Anatoliy Dyatlov had been working as a nuclear engineer at the same plant for quite some time. Generating cheap, safe, and efficient electricity for millions of users for important things like idling computers, powering DSL modems when nobody is home, keeping refrigerators full of moldy leftovers operational. Avoiding brownouts so that important devices like electric toothbrush chargers, xbox 370s, and iPhones http://www.apple.com/iphone do not become permanently damaged. As you know keeping a nuclear reactor is not a trivial task suitable for just anyone like those who head up customer service departments.
With his serious training it was obvious Anatoliy was serious about safety.
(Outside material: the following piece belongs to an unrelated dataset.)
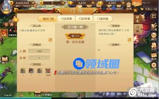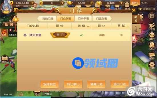 在门派界面中,既可以查看所有门派信息(如没有参加门派可在此界面进行门派加入申请)
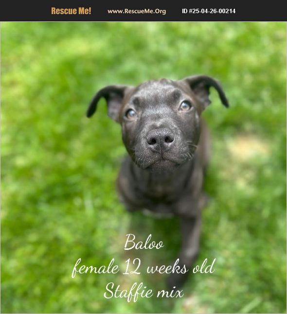 Name: Baloo Gender: Female Breed: unknown potential Staffie/Lab She's a very curious little girl who loves tug of war and playing with the little kids Good with dogs and kids. Working on house training and crate training.

He decided it was time to upgrade the computers from the “old fashioned” main-frame and dumb-terminal based system to a Windows XP system (replacing the terminals). MS-SQL server running on Windows XP Server spread across 4 or 5 machines would replace the clunky old reliable main-frame.
Thanks to windows XP he and his crew was reminded about very important occurances on their computers they would never have been aware about previously under the old setup. While running computer simulations of various reactor states the Taskbar usefully notified a crewmember that “You Have Unused Icons”. This Windows spread the responsibility of marginally important computer tasks to everyone, not just the nerdy IT guys. It was a breakthrough and perhaps after so long the help desk could be phased out entirely thanks to Windows. It was a Wednesday morning, and another of his crew was notified during examination of controls that there was a “Critical Update” and that “You’ve received an Instant Message”.
These were surely important events because they came from the computer, and Windows was designed to make sure these events seemed every bit as important to a user as the applications a user actually chose to run on their own. This is another great feature. The users aren’t trusted to know what is the most important, nor are the applications themselves (especially non Microsoft affiliated applications, like the nuclear simulators). Its kind of a breakthrough because before the user would just be lost in their own world of whatever program they were using, not realizing they had unused icons or mysterious software “updates” that are so critical to the modern computing experience. Upon turning on the interface to the reactor (which was a USB device) users learned that “This device could perform faster with USB 2.0”. So now the engineers can spend time figuring out what the hell USB 2.0 is and if it really has anything to do with how they plugged it in. Perhaps the cord is too long? Perhaps the hub they are using is antiquated? Oh wait, it’s the device itself? Well now what. Nevermind. Employees devote time to use the world wide web and see if they have updated the nuclear reactor USB 2.0 interface cards through Shopping.Yahoo.Com. Thankfully Yahoo has installed so many toolbars on internet explorer there is not much room to view the web pages themselves, content can be distracting.